INSTRUCTIONS TO FOLLOW - In the material below, find the line with "得力(deli) 小双头多用记号笔签字笔 勾线笔会议笔马克笔 12支/盒 红色 6823" and the line with "Okrogel prt iz", then output both and every line between them exactly, omitting pictures.

INPUT RECORDS -
##############################

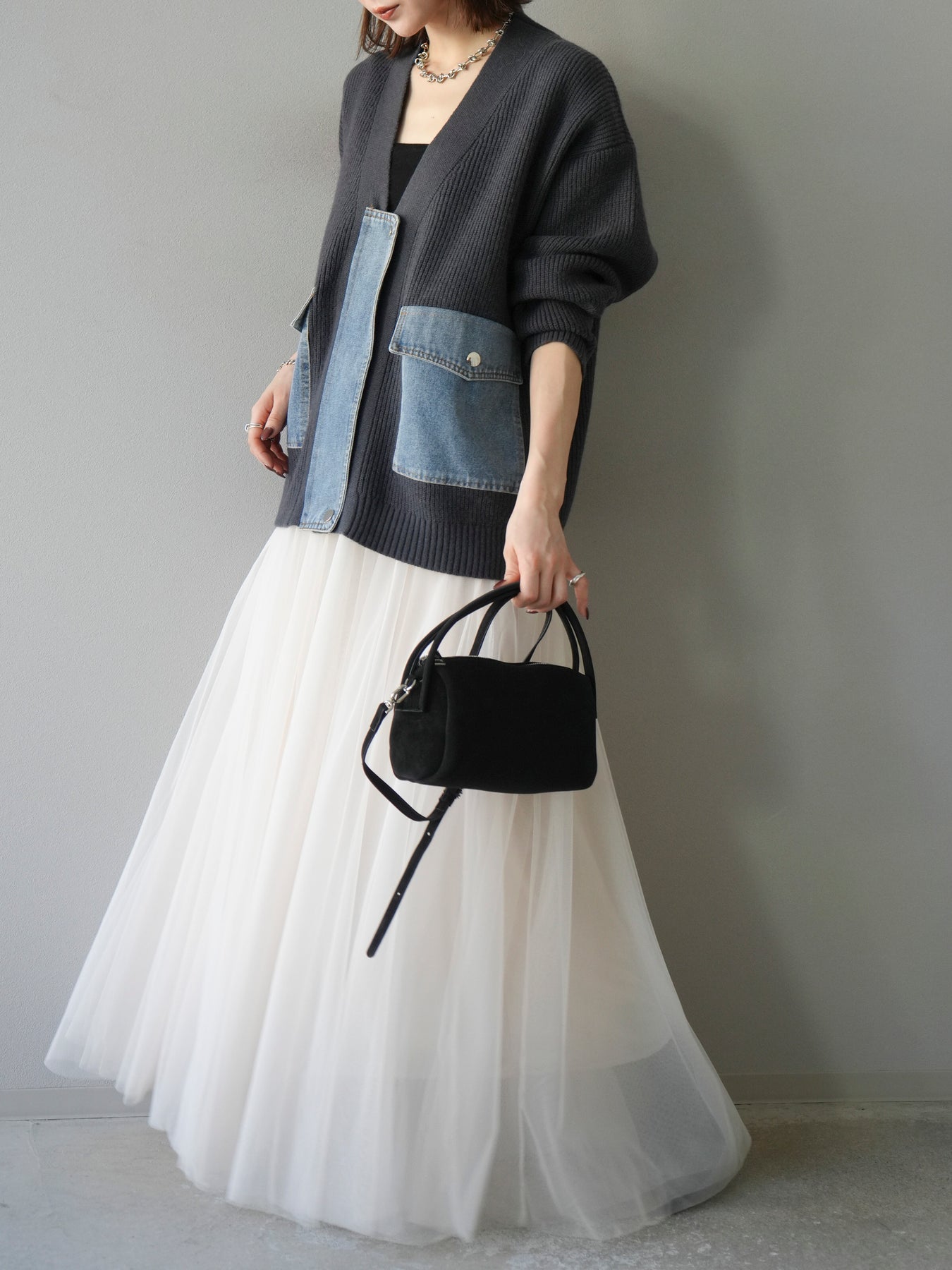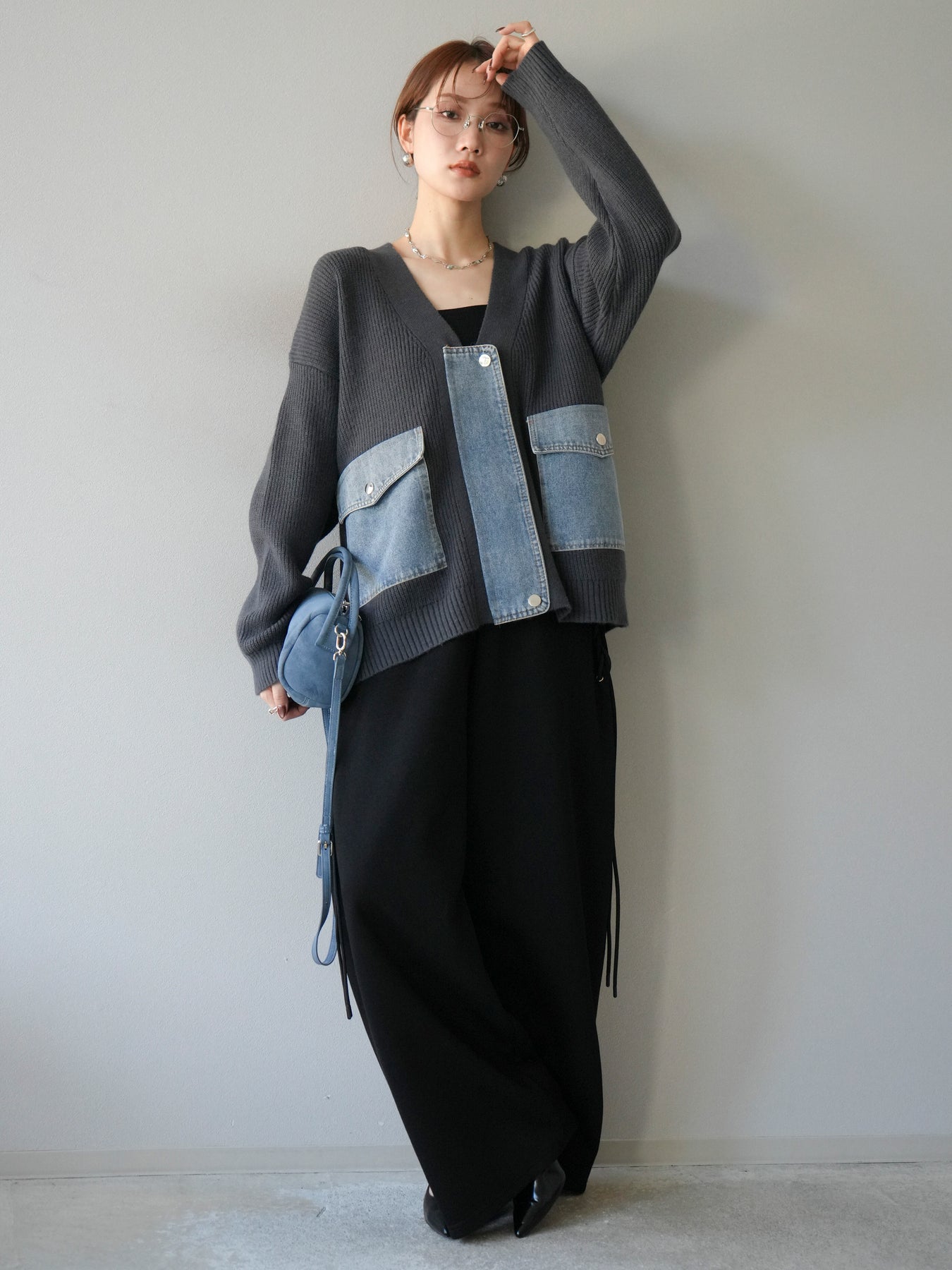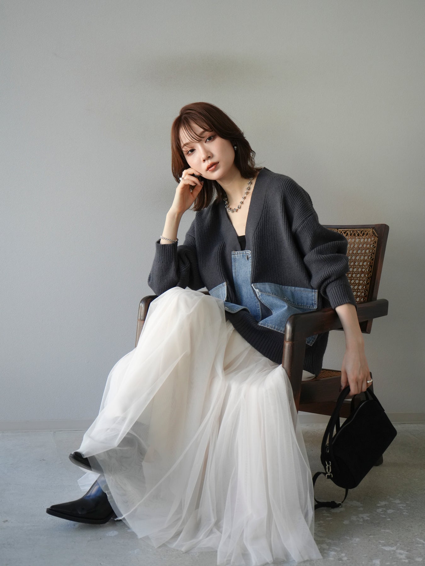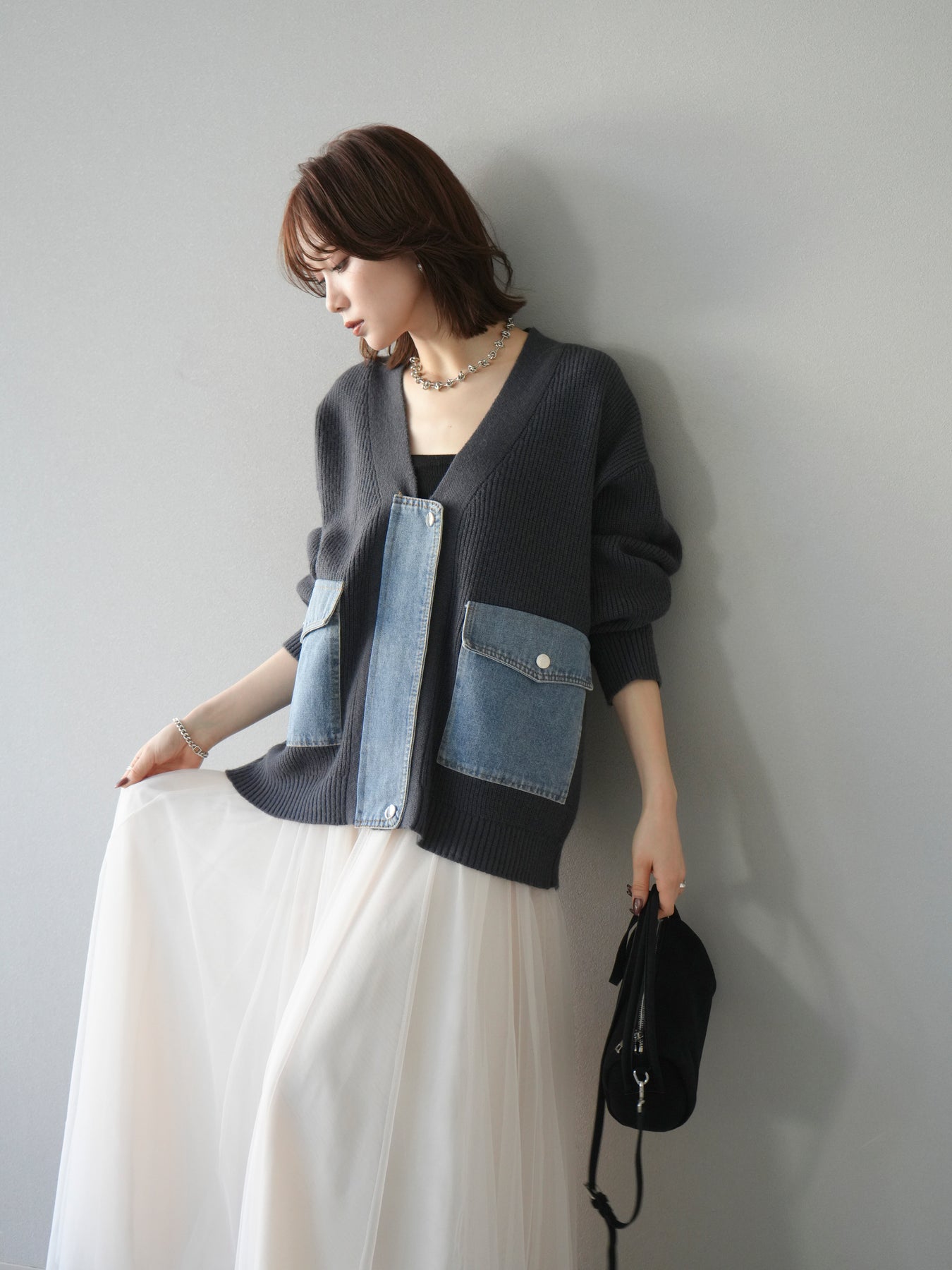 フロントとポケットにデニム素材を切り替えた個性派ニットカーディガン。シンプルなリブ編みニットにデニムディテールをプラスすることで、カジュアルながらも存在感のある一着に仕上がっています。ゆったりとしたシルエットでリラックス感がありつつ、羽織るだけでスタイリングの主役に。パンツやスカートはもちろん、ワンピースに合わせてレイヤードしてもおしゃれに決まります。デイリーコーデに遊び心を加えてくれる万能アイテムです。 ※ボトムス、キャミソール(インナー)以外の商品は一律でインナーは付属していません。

##############################

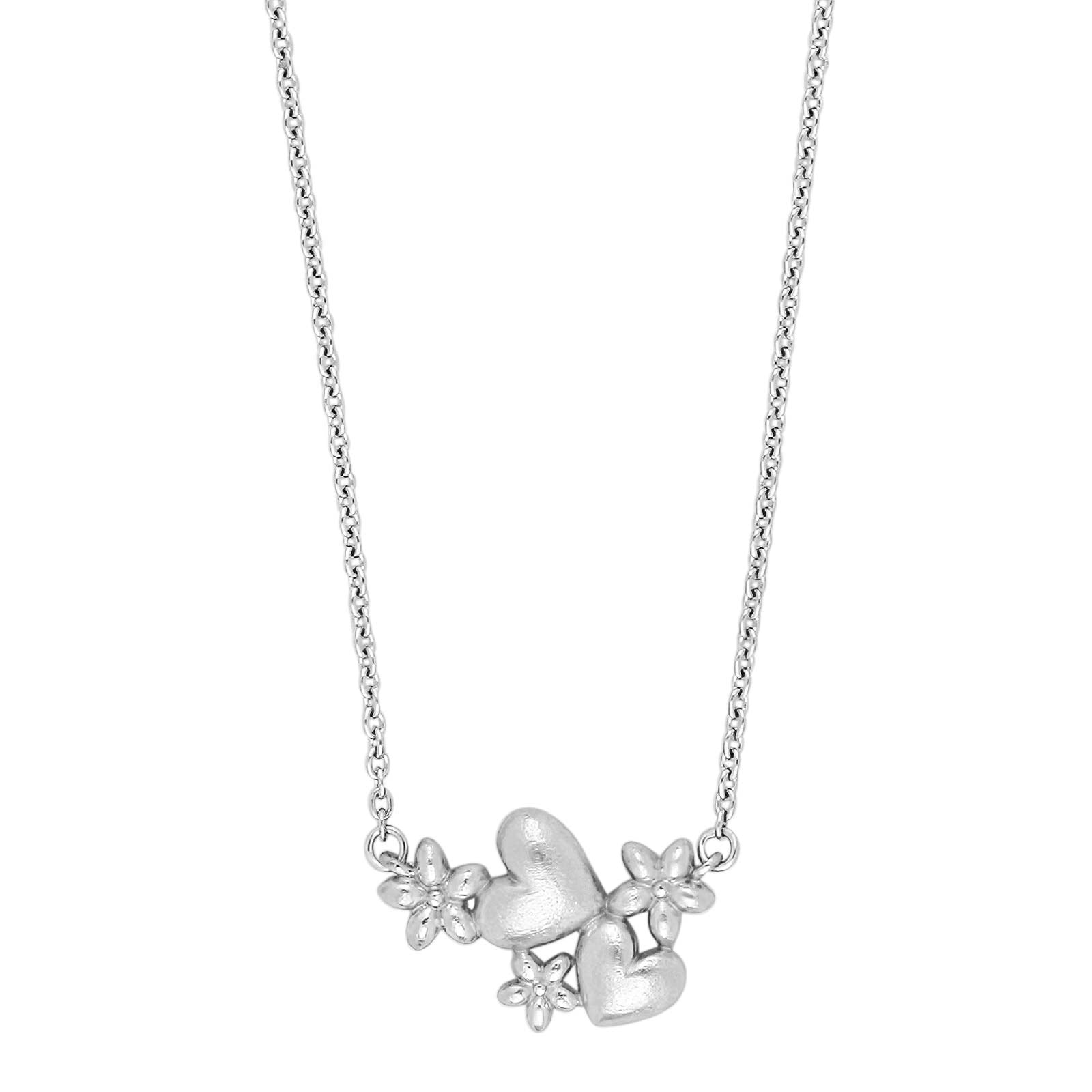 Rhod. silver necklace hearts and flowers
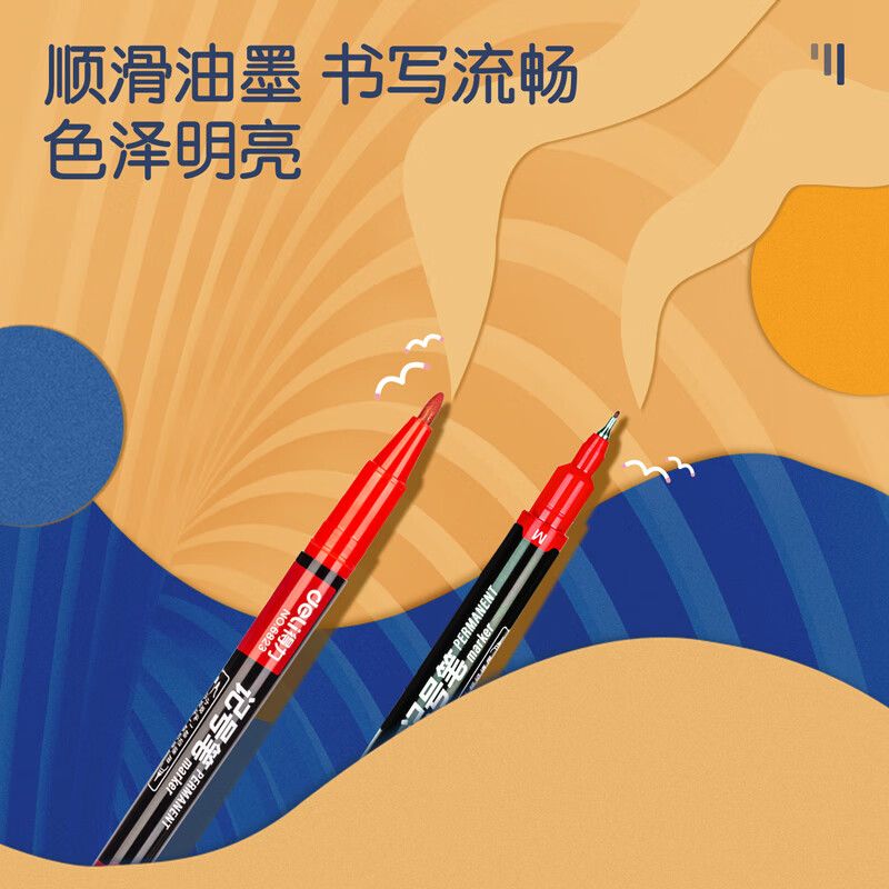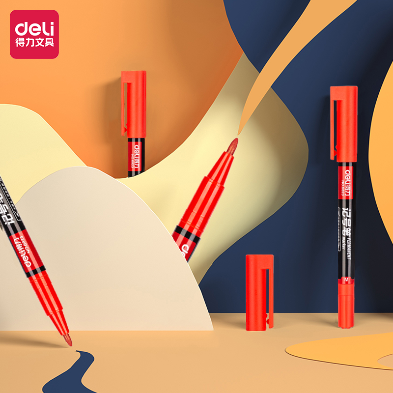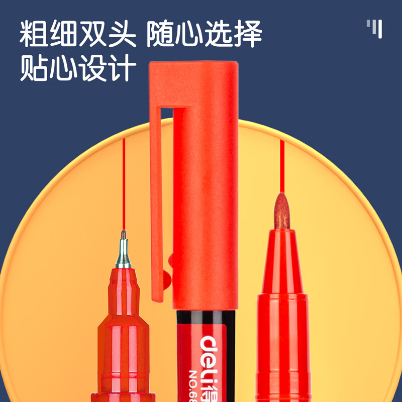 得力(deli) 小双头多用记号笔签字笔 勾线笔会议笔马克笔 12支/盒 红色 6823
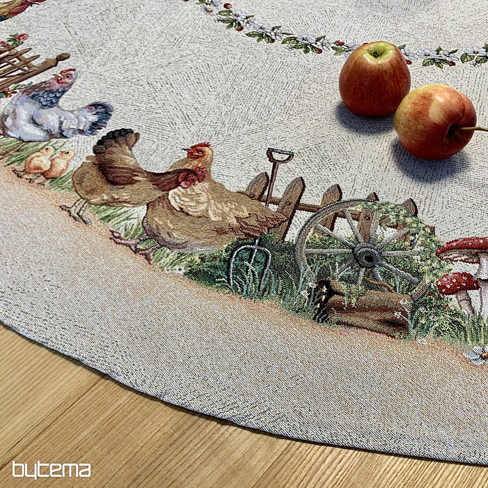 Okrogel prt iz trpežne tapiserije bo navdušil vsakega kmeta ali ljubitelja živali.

##############################

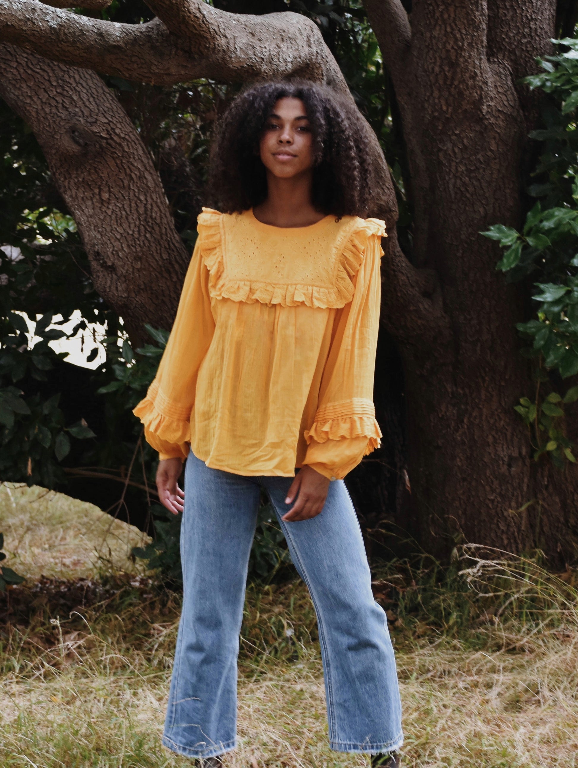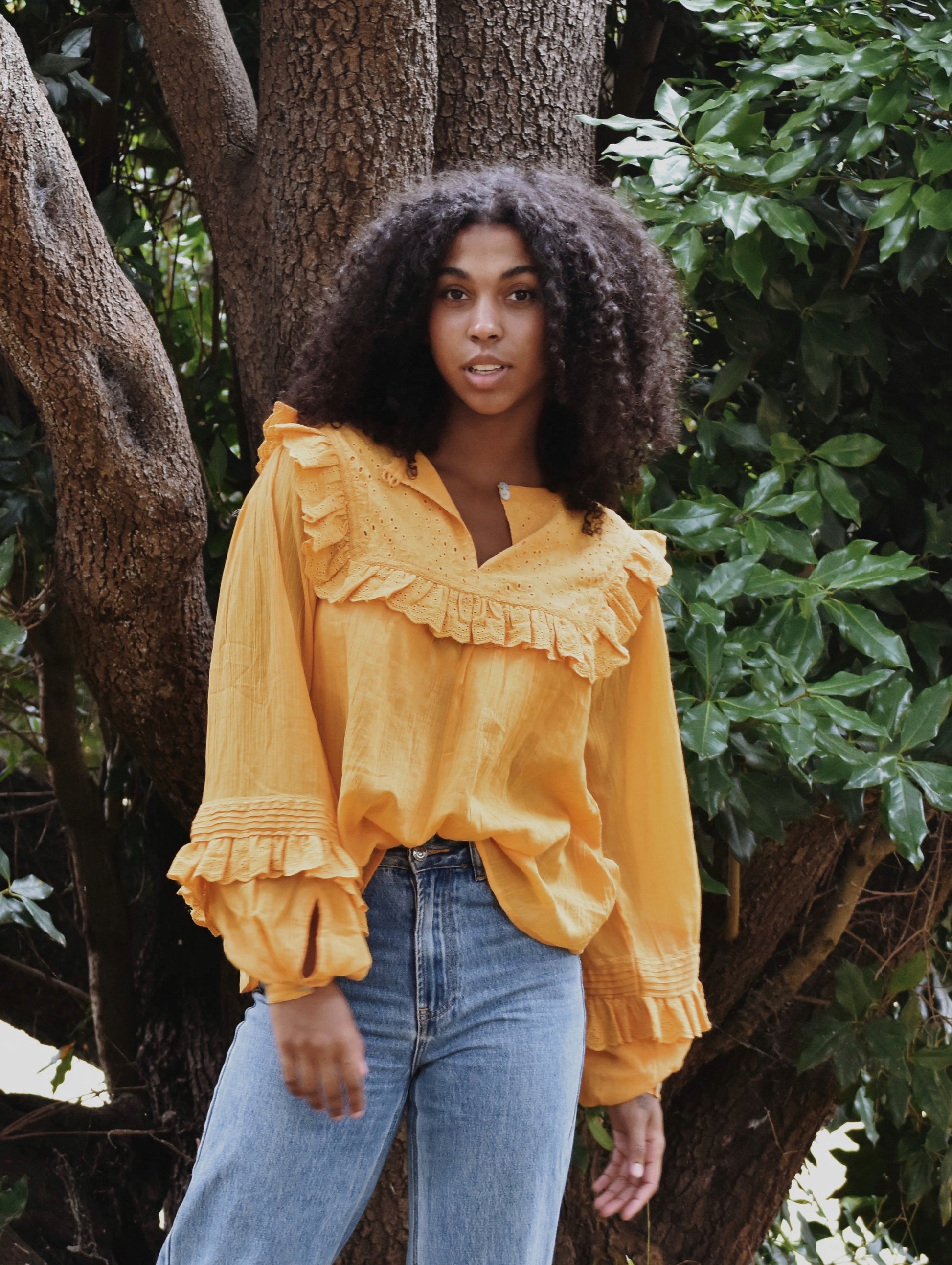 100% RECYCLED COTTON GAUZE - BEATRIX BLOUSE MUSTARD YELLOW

##############################

RESULT FOR THIS EXERCISE -
 得力(deli) 小双头多用记号笔签字笔 勾线笔会议笔马克笔 12支/盒 红色 6823
 Okrogel prt iz trpežne tapiserije bo navdušil vsakega kmeta ali ljubitelja živali.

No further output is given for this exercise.